В числе этой русской «братии» Нестеров разумел и себя. Признание это свидетельствует, что Нестеров никогда не отъединял ни своего художества, ни русского искусства вообще от великих преданий и творческих школ большого европейского искусства. Ошибается тот, кто подумает, что Нестеров ставил здесь знак равенства между Васнецовым и Фра Беато Анджелико. Как раз наоборот: он видел правду Васнецова и идущих с ним в том, что они устремляются к подобному искусству «духовной силы и непорочности», ищут к нему русских путей, но ни за Васнецовым, ни за собою он не признавал права думать, что эта правда ими достигнута.
Чем выше ставил Нестеров искусство ранних флорентийцев, тем труднее и недостижимей представлялась ему художественная высота их непорочности.
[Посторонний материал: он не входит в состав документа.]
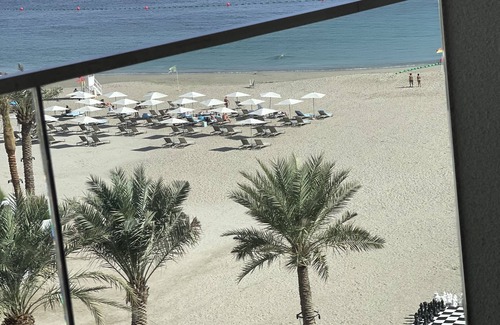 Very beautiful four bed Apartment each room with en-suite toilet, flat screen TV , direct sea view balcony, direct access to the beach , highly equipped kitchen.. don’t miss this place if you are planning to come to UAE

После второго посещения Флоренции Нестеров писал Турыгину:
«Сила и значение Боттичелли не в характеристике лиц, а в бесконечной лирике, музыке его картин, в его понимании особенностей природы, чисто психологических, доступных к пониманию не поголовно всем. Тут ни при чем его наивность, и, конечно, не она красит его картины, а тот «дух», который он вносит в картины своими комбинациями тонов, линий (последние могли бы без ущерба быть и более зрелыми). Все вместе и дает у этого автора тот «аккорд», который заставляет так сладко или томительно чувствовать присутствие высшей духовной силы среди нас, житейских прозаиков».
Отвергая здесь всякие сравнения, Нестеров рано почувствовал, говоря словами Гёте, «избирательное сродство» с художниками ранней Флоренции. Но это не мешало ему столь же глубоко и страстно отдаваться и другим впечатлениям от художников иного устремления и других темпераментов. Микеланджело волновал его бурно.
«Душа моя полна была новыми впечатлениями, – писал Нестеров в своих воспоминаниях, – я не мог их вместить, претворить в себе… Скульптура Микеланджело и фрески в кельях монастыря св. Марка – все это теснило одно другое, приводя меня в неописуемый юный восторг. Язычник Боттичелли легко уживался с наихристианнейшим Фра Беато Анджелико. Все мне хотелось запечатлеть в памяти, в чувстве, всех их полюбить так крепко, чтобы любовь эта к ним уже не покидала меня навек. Мне кажется, что искусство, особенно искусство великих художников, требует не одного холодного созерцания, «обследования» его, но такое искусство, созданное талантом и любовью, требует нежной влюбленности в него, проникновения в его душу, а не только в форму, его составляющую».
Один из альбомов Нестерова хранит уже поблеклые отзвуки этих впечатлений от Флоренции. С этого города начались и масляные итальянские его этюды, в которых запечатлена так горячо не только по чувствам, но и по краскам его любовь к Италии.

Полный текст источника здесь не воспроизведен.